When you toss with the Devil, you best use a long coin


Mystics versus Pencarrow at Pencarrow House, 26th July 2021

Trent disgraced himself early in his Mystics debut. When Kieron Gill took his eye off his packed lunch for a second too long, Trent saw his opportunity and grabbed a half-finished Yorkie, downing it and the wrapper in about the time it takes for a Jofra Archer delivery to travel the 20 yards to the other end. The next day, it took a significantly more time and effort to get the wrapper out from the far end.

Another Mystics debutant was Matt Crawford (Tiger to any Archers listener), our 103rd player. His behaviour was mostly more seemly than Trent's. In fact, he had a bit of a belter, scoring 21 (across two innings) (it's complicated) and picking up four wickets and two catches.

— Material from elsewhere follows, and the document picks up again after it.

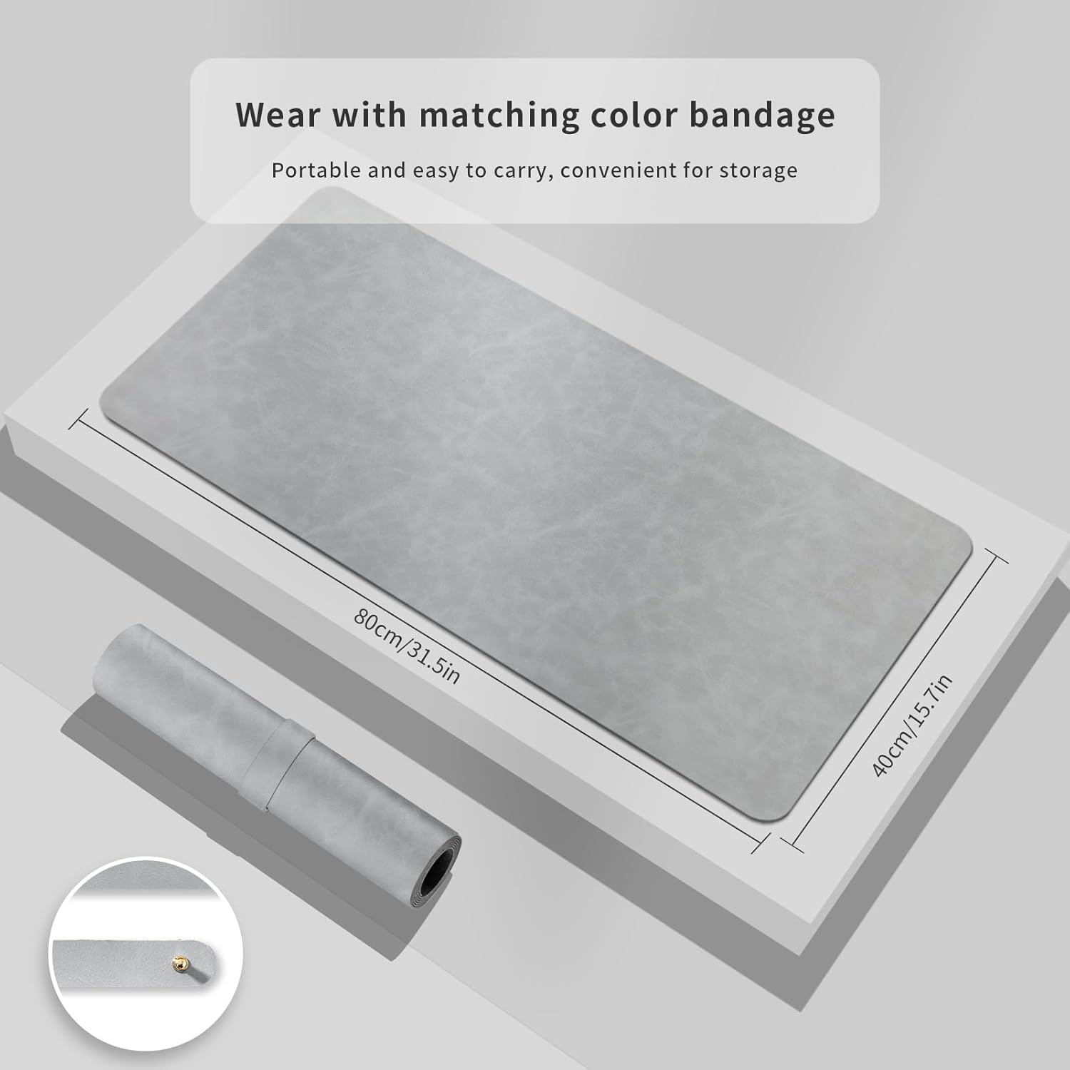 Crazy Horse Leather Desk Mat Large Mouse Pad Laptop Desk Pad Waterproof Non-Slip Table Blotter Desktop Writing Pad for Office and Home (Light Grey, 120x43cm)

The Pencarrow side looked quite a bit stronger than ours. I recognised Jake Rowe and learned that his brother Caleb was also playing. They play regularly at about ten levels up from most of the Mystics. Alongside them was Charlotte Phillips (Gloucestershire Women, player number 1148158 on Cricinfo) and Tom Clarke, who'd decided to play against the Mystics instead of for Cornwall under 14s. But the Pencarrow selection committee had also picked a few from the lower shelves of Carol's Countdown Collection. With careful and sensitive captaincy, this might just turn into a decent game.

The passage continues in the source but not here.